While the statistics about the disproportionate impact of sexual violence on disabled individuals are jarring and important, I purposely did not focus on them in order to address the structural issues that create these discrepancies. Highlighting the prevalence of violence against disabled women and disabled gender nonconforming people runs the risk of perpetuating the stereotype of disabled women as helpless, when this is far from the case. In writing this blog, I seek to raise awareness about the impact of sexual violence on disabled people and to push myself and others to continue to think critically about how our anti-violence work and advocacy is failing disabled survivors. Intersectionality is more than just a theory. It is a critical consciousness that we should put into practice each and every day.
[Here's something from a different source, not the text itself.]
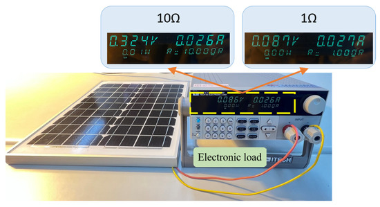 As the electrical equipment runs for a long time or the ambient temperature changes, the type of material or the installed structure may loosen the screws or pressure connection terminals of a power circuit, leading to safety problems. According to [24], the primary cause of electrical equipment aging or failure is the loosening of welding adhesive or grid-line interface breakage. This study added an electronic load to the PV module, and additional loads of 2 Ω and 10 Ω were applied to study the poor connection. The resistance was divided into ten equal parts and was adjusted from 1 Ω to 10 Ω to construct the aging fault type, as shown in Figure 4.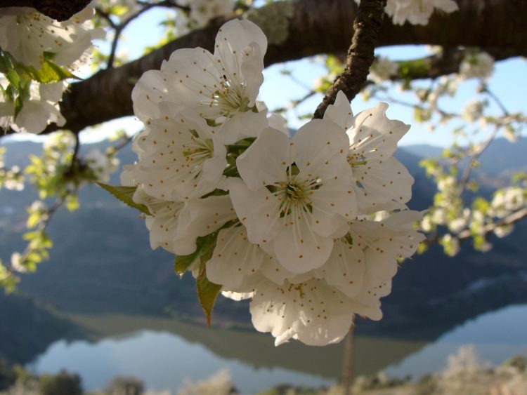 O mês de Março renova o cenário das encostas de Montemuro. É o preenchimento de um novo colorido, de um manto branco tão delicado onde qualquer olhar mais desatento fica rendido. Nestas terras de D. Egas tem um ex-libris, a cereja, um fruto tão pequeno, mas com simbologia do tamanho de um monumento. No despertar de cada Primavera, Resende acorda num extraordinário excesso de Natureza, são imagens repletas de unicidade como se de uma obra de arte se tratasse. Do centro da flor, ponteada de ouro, as pétalas assemelham-se a vestidos de noiva tão simples quanto luxuosos e brilham o lustro amarrotado no esplendor da singularidade do branco. Em cada estado, em cada ruga de maturidade, a flor mantém uma beleza incomparável. Perde o belo vestido branco, mas continua bela, ganha outras formas e outros tons, mas preserva a autenticidade na sua singeleza.

-Rachel Drucker '17, Sexual and Gender Based Violence Intern
References
Gill, M. (2010). Rethinking sexual abuse, questions of consent, and intellectual disability. Sexuality Research and Social Policy, 7(3), 201-213.
Whaley, K. (2016, January 26). Nobody catcalls the woman in the wheelchair.
Thank you for this, Rachel.
ReplyDeleteKim
I think this is something that is incredibly important to acknowledge, and something that our intro to women's studies course has talked about. One student mentioned how disabled individuals that are victims of assault sometimes don't understand that what is happening is sexual assault. Society sees disabled individuals and non sexual beings, they are desexualized essentially as you mentioned. This logic is wrong and needs to be addressed, and this type of dialogue moves the conversation in the right direction-- thank you!